ChatGPT flagged violent content — but police were not notified
A man from British Columbia, Canada, used ChatGPT to describe shooting violence in a manner that triggered the company's internal monitoring systems. The account belonging to Jesse Van Rootselaar was flagged in June 2025 for "promotion of violent activities" and subsequently banned from the service, according to information reported by TechCrunch.
What makes the case particularly serious is what happened afterward: Van Rootselaar carried out a mass shooting. The question now being asked is whether an earlier police report could have prevented it.
Internal debate over the threshold for police notification
According to TechCrunch's review of the case, OpenAI employees actively discussed whether they should contact the police when the account was flagged. The company has guidelines that allow for notifying law enforcement if an interaction represents an "imminent and credible risk of serious physical harm to others."
However, the internal conclusion was that the conversations did not reach this threshold. The account was blocked, but no police report was sent.
OpenAI concluded that the chats did not meet the requirement of an imminent threat — yet the man still carried out a mass shooting.

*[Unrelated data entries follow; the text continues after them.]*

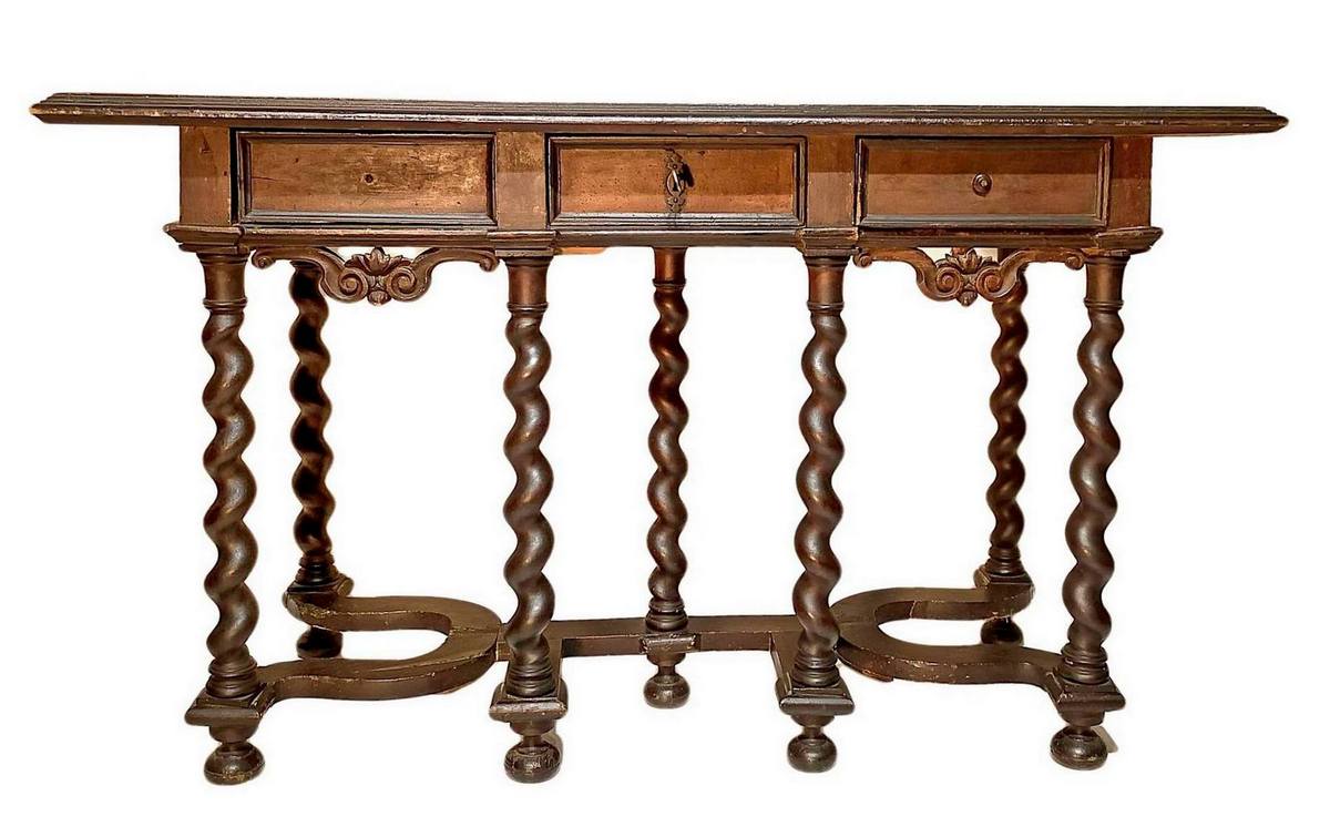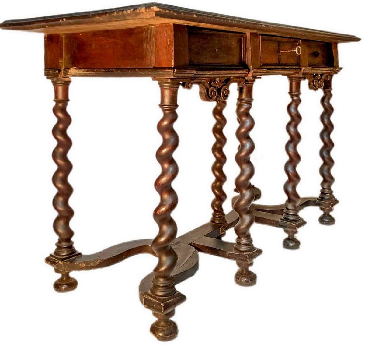 Tavolo scrittoio in legno massello di noce da muro, Luigi XIII, secolo XVII. Piano bordato a becco di civetta, tre cassetti al sottopiano n. 7 strutture a torciglione terminanti con basi a cipolla schiacciata. H cm 78x142x73
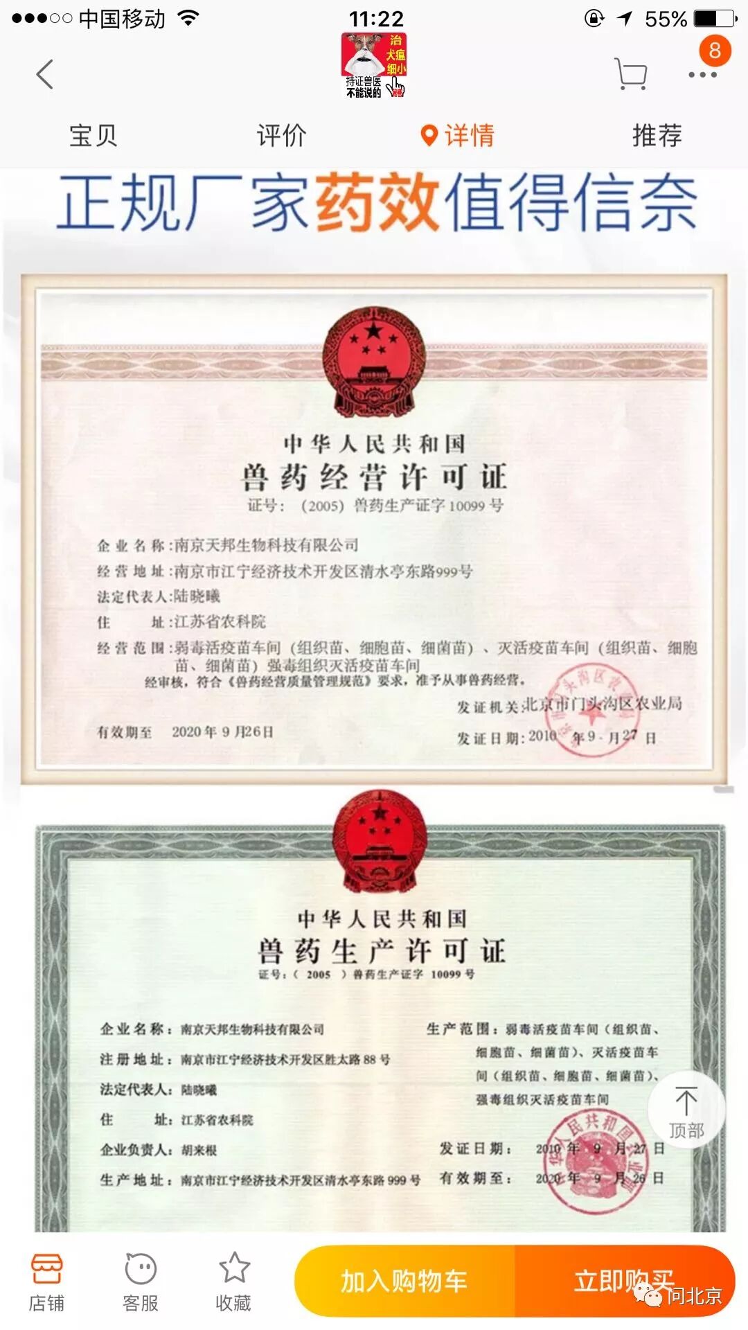 淘宝客服:需要的首先是营业执照,还有兽药的生产许可证,或者是兽药的经营许可证。而且证件的经营范围肯定是包含那个兽药的。他上传的时候淘宝这边人工审核的啊,他假的话他不可能人工审核通过的。
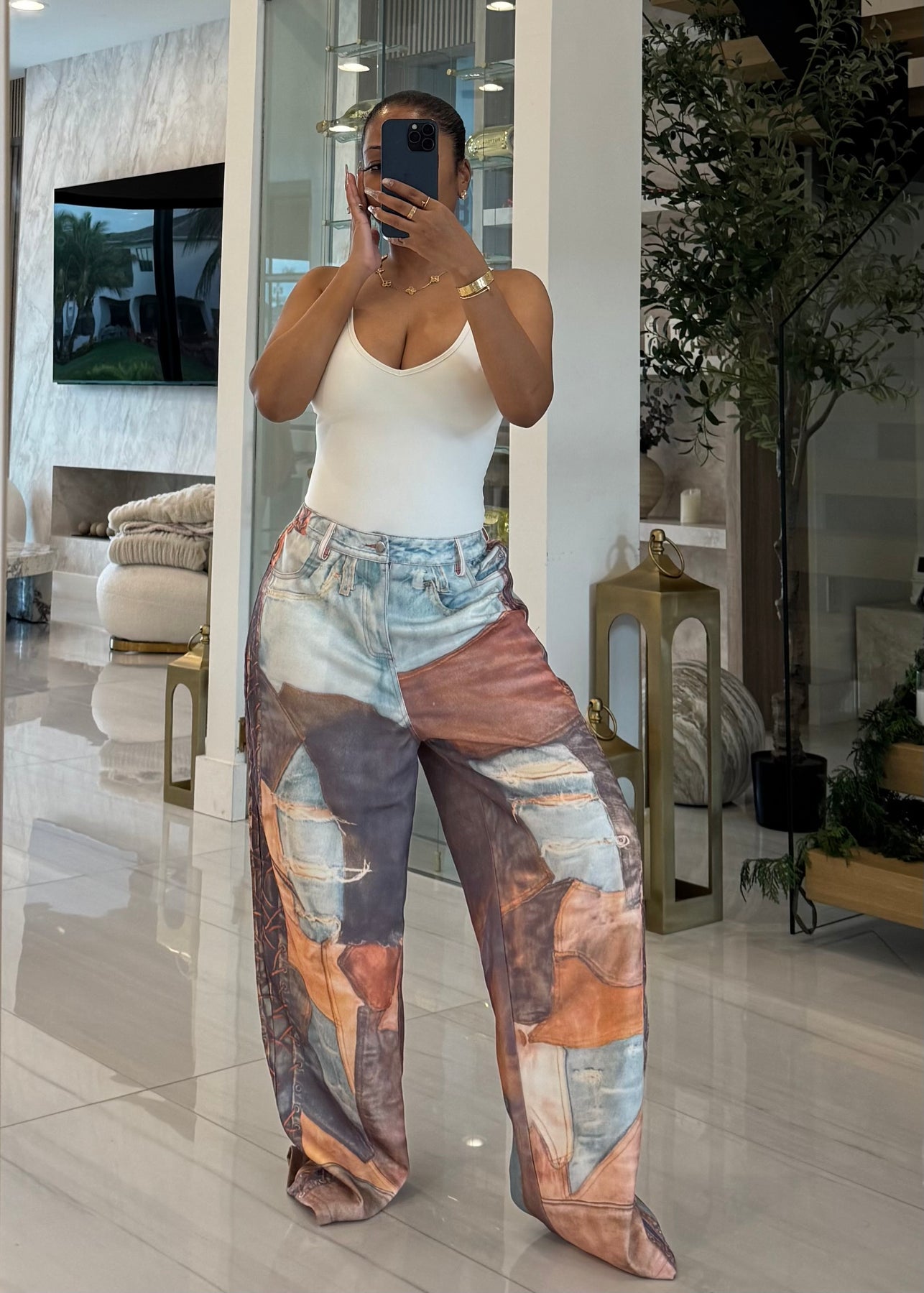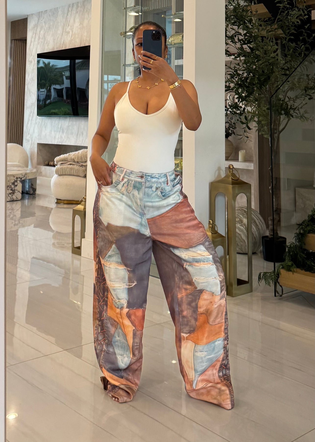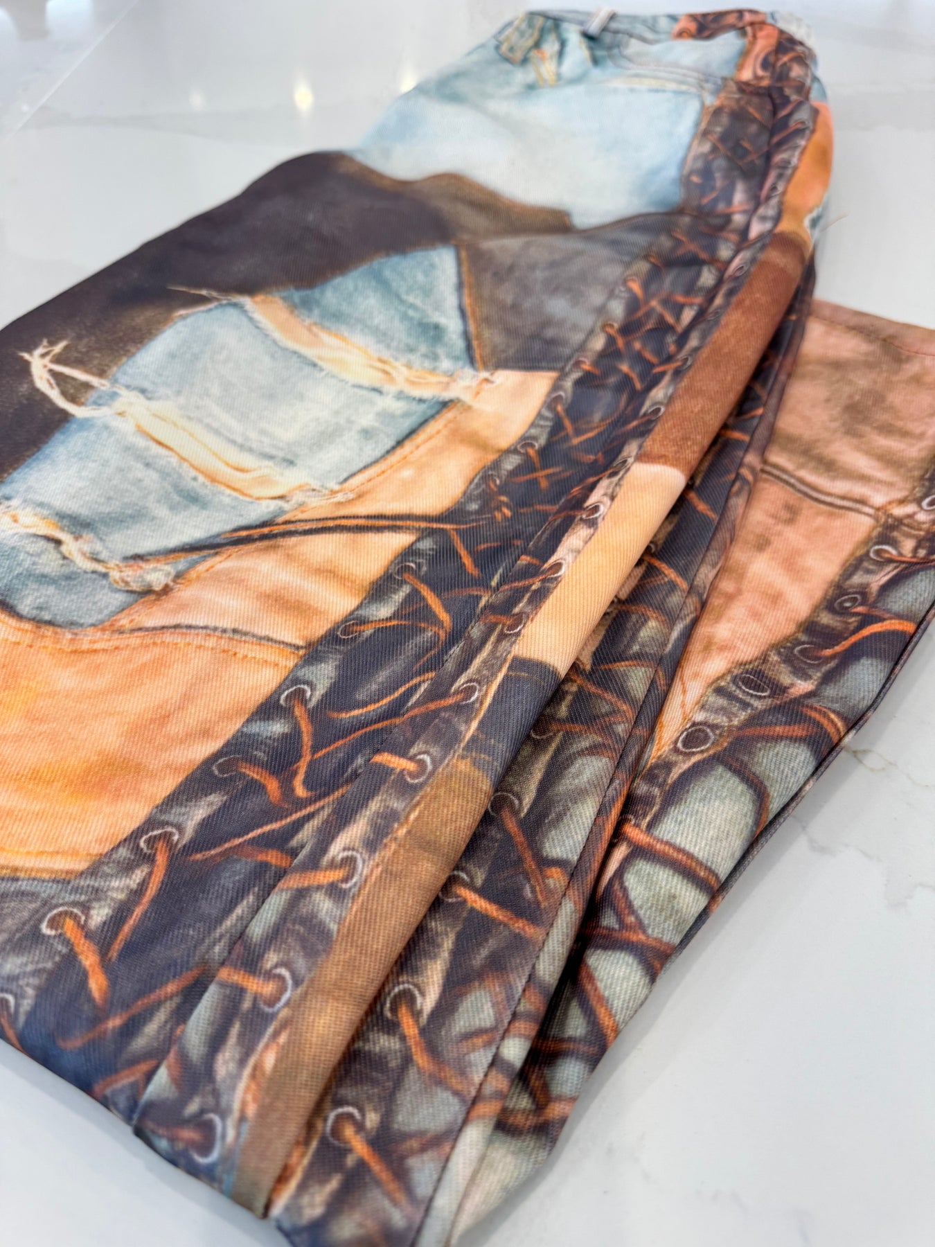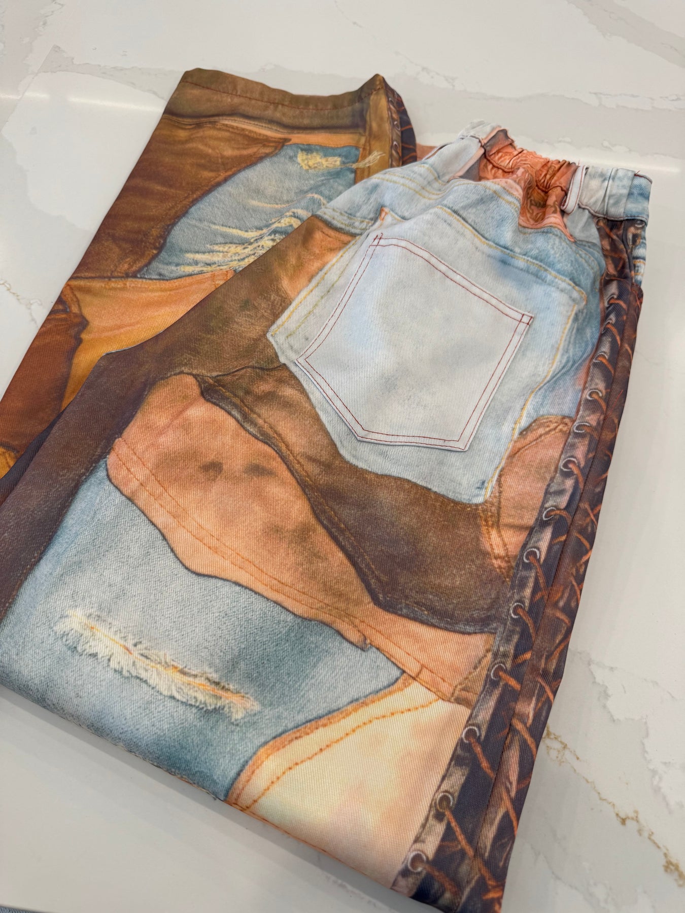 Button up zipper front with elastic waist back. Front hand pockets and butt pocket

After the shooting had taken place, OpenAI took the initiative to contact the Canadian federal police, the RCMP, and offered the information they possessed.

How OpenAI's monitoring system works
OpenAI utilizes a combination of automated classification tools, content filters, and hash matching to detect abuse of its services. When suspicious content is detected, it is sent to specialized review processes where human moderators — trained in the company's guidelines — assess the severity.

The challenging boundary
The case highlights a fundamental challenge for AI companies: Where should the threshold be for reporting a user to the authorities based on chat content? If the threshold is too low, there is a risk of massive surveillance and privacy violations. If it is too high, real threats may not be caught in time.
Harvard researcher Michelle Martin, who studies labor law, has previously expressed criticism of the practice and warned against what she describes as a development toward an increased surveillance state, according to background material cited by TechCrunch. Public defender Stephen Hardwick has, for his part, pointed out that legal professionals using AI tools could be placed in a problematic situation if client conversations could potentially be reported to the police.
OpenAI's dilemma going forward
The case will likely trigger renewed debate about exactly what should qualify as an "imminent threat" in AI companies' guidelines. OpenAI has not commented on whether they plan to adjust the threshold for police reporting in the wake of the incident in British Columbia.
It is worth noting that the case is based on information conveyed by TechCrunch, and that OpenAI's own internal assessments have not been publicly verified in their entirety. Details of what the conversations actually contained, and exactly which internal processes were followed, are not fully known.